I felt the cross close to me. A wooden cross, heavy and splintery, reaching to the top of the ceiling. What could I do? I looked at my mother – I looked reassurance, I got behind her and held her shoulders.

“It will be all right,” I murmured. “God is waiting for you. You’re going to Him now.” Suddenly Olga, my daughter and her namesake, was there – I felt immense support. She was praying. She was going to stay through the night, to keep my mother company – I did not have to fear I would be left alone, Olga was good at praying.

Another daughter joined us. The prayers became stronger. Mother listened and joined in too, haltingly, painfully. Cocks crowed outside as dawn wakened threads of light. Mother had calmed down, was even trying to sleep a little. Olga and I kept on praying. Another daughter had quietly joined us, so there were now four of us next Mother.

The doctor came. He felt Mother’s pulse, and nodded: “She’ll be all right,” he said.

But Mother was still anxious. Her eyes pleaded with the doctor, who shook his head. At last he left and following him I asked when he could come back. “I’ll send people who’ll give her the last rites,” he said. “But I can’t stay now.”

I accompanied him to the front door and he said he’d try to return later. I went to the kitchen and told Nora, our Irish servant, that Mother was on the point of dying.

“If she does,” said Nora, “open the windows, so her soul can find the way to Heaven. [This belief is expressed in James Joyce's writings and in a musical based on them.] Don’t cry. That might keep her back.” I hastened to my mother who looked much worse. She really looked as if she had reached the end. I held my mother’s hand and looked at her. She asked again: “Am I dying?” “No,” I said, “not yet.”

She looked relieved.
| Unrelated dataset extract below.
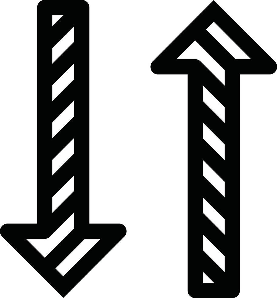 Simple illustration of upward and downward arrows symbolizing contrasting directions, choices, navigation, and movement in a clear and bold graphic format. Pro Vector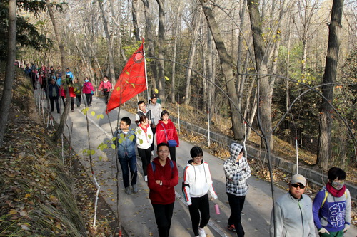 十月的西山空气清新,景色宜人,缤纷的树叶,和煦的阳光,为登高活动增色不少。一路上,大家沿着盘山路大步向前,或结伴而行,或三五成群;或谈笑风生,或随拍美景。党的十九大也成为大家最关注的话题,学报告、谈感想、说发展,大家感怀昨日发展,感叹时代进步,憧憬美好生活。

I went on saying the rosary and was glad to see more of my children joining us. Mother became waxen pale.  When death came, I hurried to the kitchen and asked Nora what I must do.

“Open the windows!” she said, “Then her spirit can find its way out.” I did so and I whispered: “Go Mother, go. Don’t stay here. I can manage. You must let your soul free to reach Heaven and the boys. God be with you.” Then, peace came into my soul.